Samples from the UK Biobank were prioritized for exome sequencing based on the presence of MRI data and linked hospital records[4]. Exomes were generated by the Regeneron Genetics Center, and reprocessed centrally by the UK Biobank according to Functional Equivalent standards[60]. Exomes were captured with the IDT xGen Exome Research Panel v1.0, targeting 39 million basepairs of the human genome. Sequencing was performed with 75 basepair paired-end reads on the Illumina NovaSeq 6000 platform using S2 flowcells. Alignment to GRCh38 was performed centrally with BWA-mem to generate a CRAM file for each sample. Variant calling was performed with GATK 3.0. Variants were hard-filtered if the inbreeding coefficient was <−0.03, or if none of the following were true: the read depth was greater than or equal to 10, the genotype quality was greater than or equal to 20, or the allele balance was greater than or equal to 0.2. In total, 49,997 exomes were available. Variants in TTN were annotated with the Ensembl Variant Effect Predictor version 95 with the --pick-allele flag[61]. LOFTEE was used to identify high-confidence loss-of-function variants in TTN (TTNtv): namely, stop-gained, splice-site disrupting, and frameshift variants[62].

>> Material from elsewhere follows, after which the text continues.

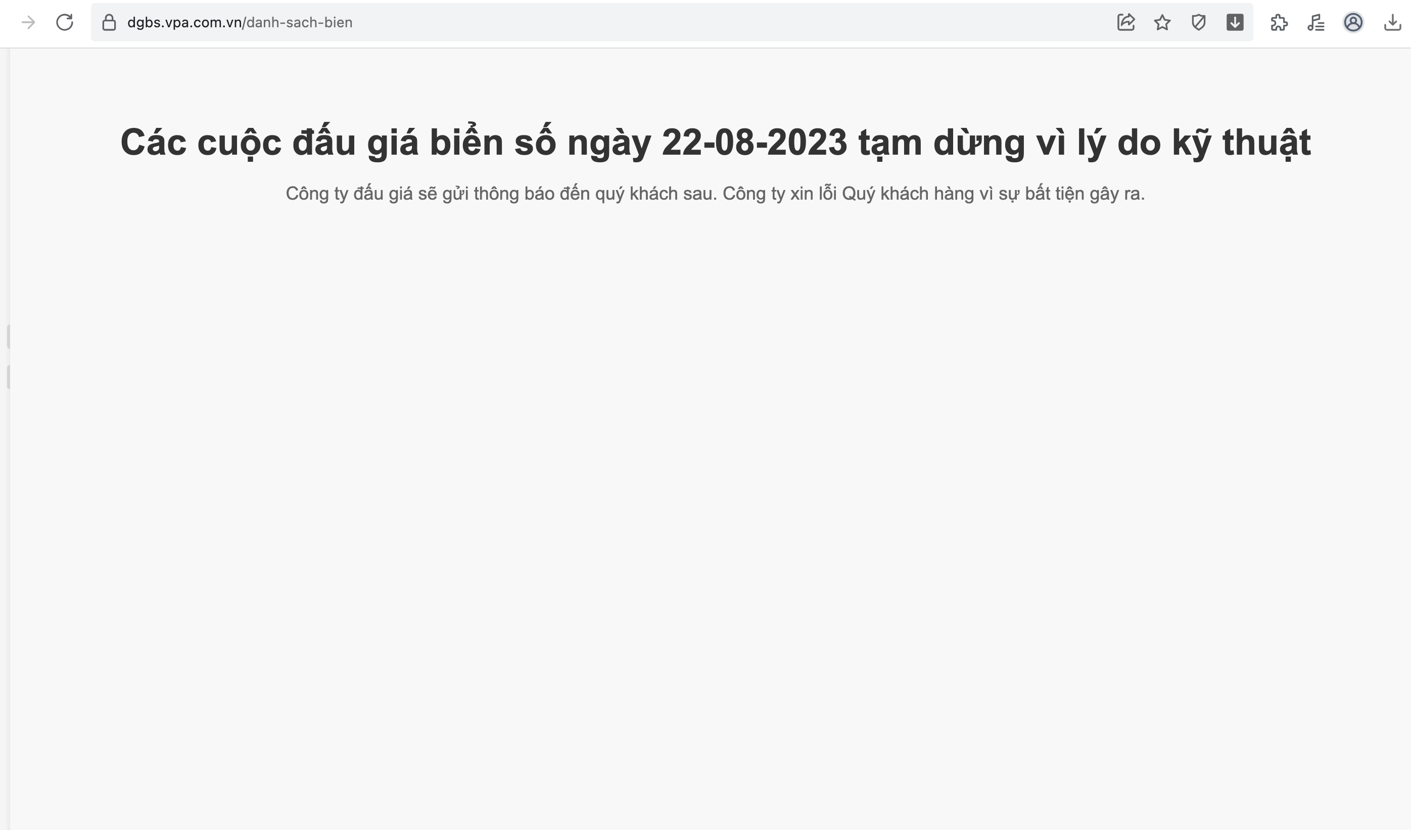 Đến khoảng hơn 10h, trang web đấu giá trực tuyến hiện thông báo: "Các cuộc đấu giá biển số ngày 22/8/2023 tạm dừng vì lý do kỹ thuật. Công ty đấu giá sẽ gửi thông báo đến quý khách sau. Công ty xin lỗi quý khách hàng vì sự bất tiện gây ra".

Of the samples with cardiac MRI that passed all of the disease exclusion and quality control measures described above, 12,448 also had exome sequencing. Of these, 59 samples had TTNtv in exons spliced into more than 90% of transcripts in the heart (hig PSI), which are likely to be relevant to cardiac phenotypes[5]. An additional 692 participants were identified as putative carriers of high-PSI TTNtv based on their imputed genotypes; however, 66 of these participants had exome-sequencing data, and zero of the 66 were confirmed to have TTNtv by sequencing (Supplementary Table 14). Therefore, we limited our analysis to the 59 participants with high-PSI TTNtv that were identified by exome sequencing.

We applied the polygenic score most predictive of DCM (derived from the LVESVi) to the TTNtv carriers, and assessed whether that score was associated with LVESV, LVEDV, and LVEF in those individuals in a linear regression model after adjustment for the first five principal components of ancestry, genotyping array, sex, and the cubic basis spline of age at enrollment.